Euphemia stood at her bedroom window in the starlight when the idea first came to her that she must lend Eleanor her lace for the wedding, and had it out with her soul. She felt a little dismayed that she found so much selfishness still lingered in herself, but resolved that it should be conquered. So after kneeling down to ask for strength to make this sacrifice as if it were a joy, she sought her sister’s room at once, not wishing to leave the matter until the morning lest she might weaken.

She found her mother sitting in the moonlight beside Eleanor’s bed, trying to reason with the weeping Eleanor.

“Listen, dear,” Euphemia broke in, with a throb of almost joy in her voice. “Don’t worry another minute about that lace. You’re going to wear mine, of course. You know every bride has to wear something borrowed. ‘Something old and something new, something borrowed and something blue,’ ” she chanted happily. Switching on the electric light, she took out the lace in all its filmy yellowed richness. It settled down upon the pillow in a most amazing heap, a treasure that a princess might have been proud to wear.

“Oh, my dear!” said her mother, with a mingling of relief and protest in her voice. “Your lace! Your wonderful wedding lace! The lace that Aunt Euphemia left you!”

Eleanor sat up and mopped her red eyes and stared.

“You’re not going to let me wear your lace, are you, Pheem?” she asked in astonishment. “You certainly are a peach! Say, Pheem, you won’t mind if I don’t tell it’s yours, will you? You don’t mind if I say it’s an heirloom?”

“But it was to have been
your
wedding lace, my dear,” protested her mother fearfully, seeing in Eleanor’s request a hidden danger.

“I’m not being married myself yet. The lace won’t wear out in one wedding by any means,” said Euphemia lightly, trying to put down the rising lump of apprehension in her throat.

“Oh, Mother, Pheem’s not the marrying kind, and anyhow she doesn’t care for dresses. She’s too good!” declared Eleanor cheerfully, slipping out of the bed and going to the mirror to drape the rich flounce of lace around her shoulders and tip her head to one side to get the effect. “It suits me, doesn’t it? It’s just perfect, Pheem; you’re a peach! Would you mind if I cut it, darling? There’s enough to make a flounce on the skirt, too. Isn’t it gorgeous?”

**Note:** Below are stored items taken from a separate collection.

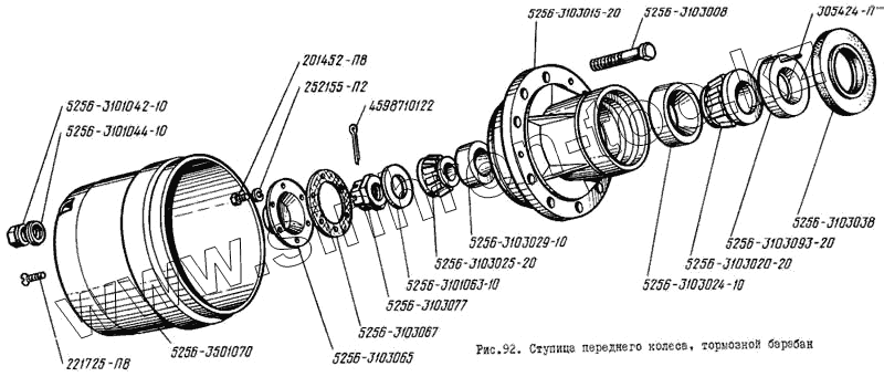 Каталог запасных частей к технике: ЛиАЗ 5256. Ступица переднего колеса, тормозной барабан
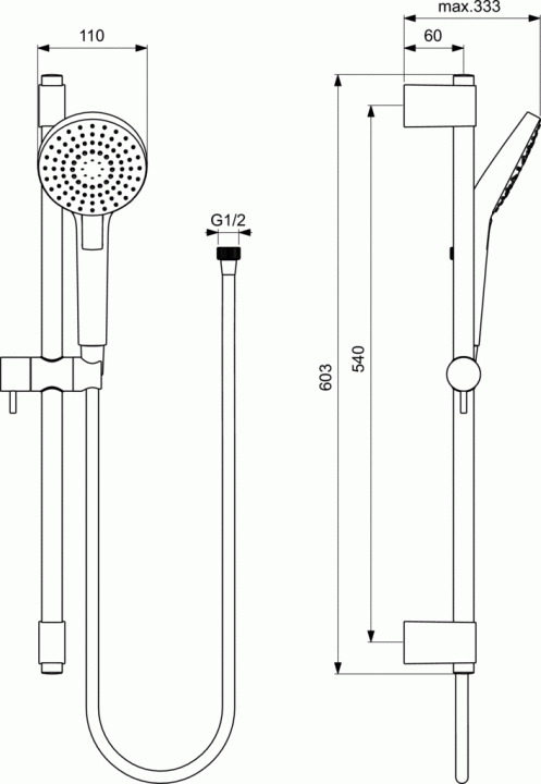 Set de dus Ideal Standard IdealRain Evo cu bara H60 cm
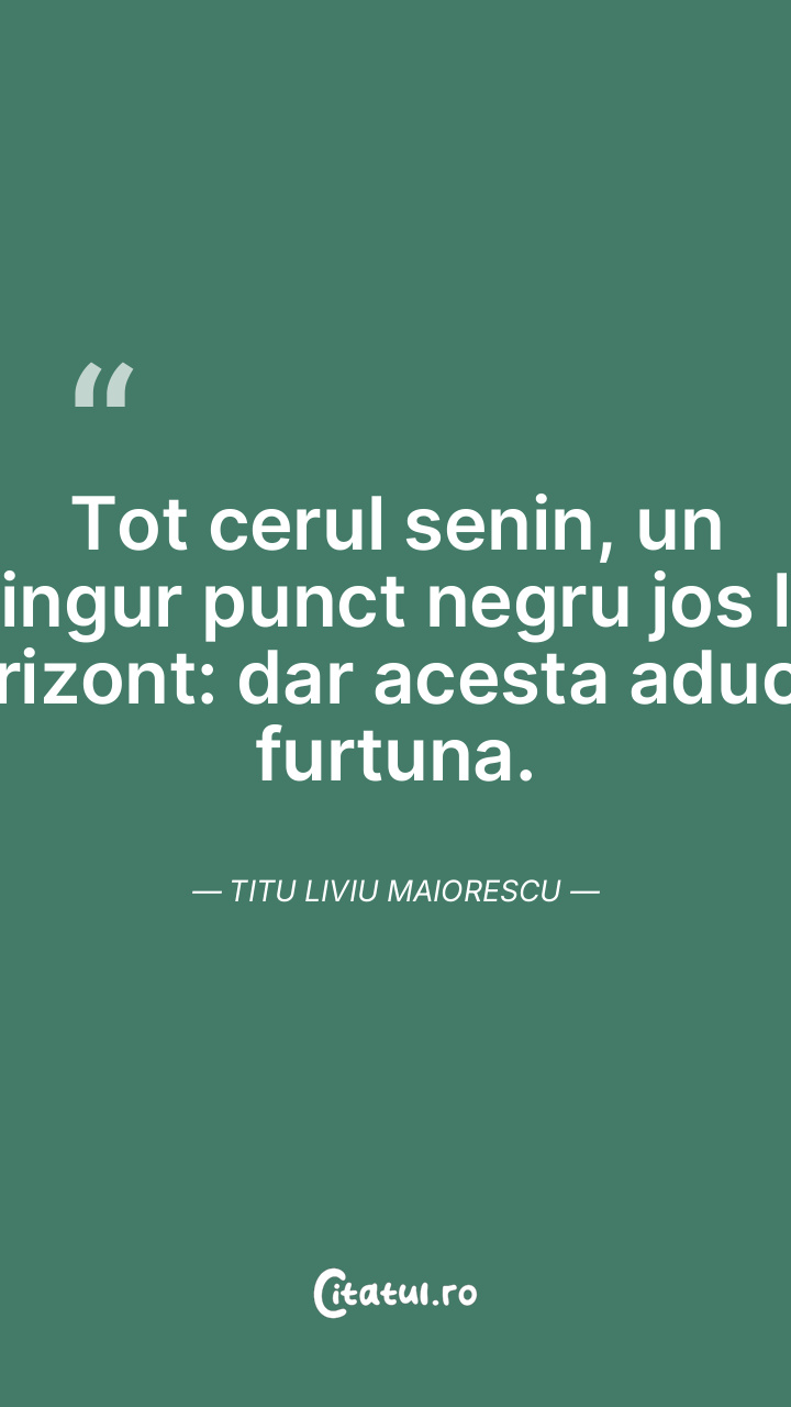 Tot cerul senin, un singur punct negru jos la orizont: dar acesta aduce furtuna. Titu Liviu Maiorescu

“No!” said Euphemia sharply, wheeling toward her lace. “No, I
cannot
have it cut! I’ll arrange it so it will be pretty without that, but it must not be cut. It’s an heirloom!”

She turned appealing eyes to her mother, and Mrs. Martin seconded her.

“Certainly not, Eleanor, you mustn’t think of cutting the lace. Isn’t it enough that your sister has loaned it to you without your suggesting such a thing? It would be a defamation.”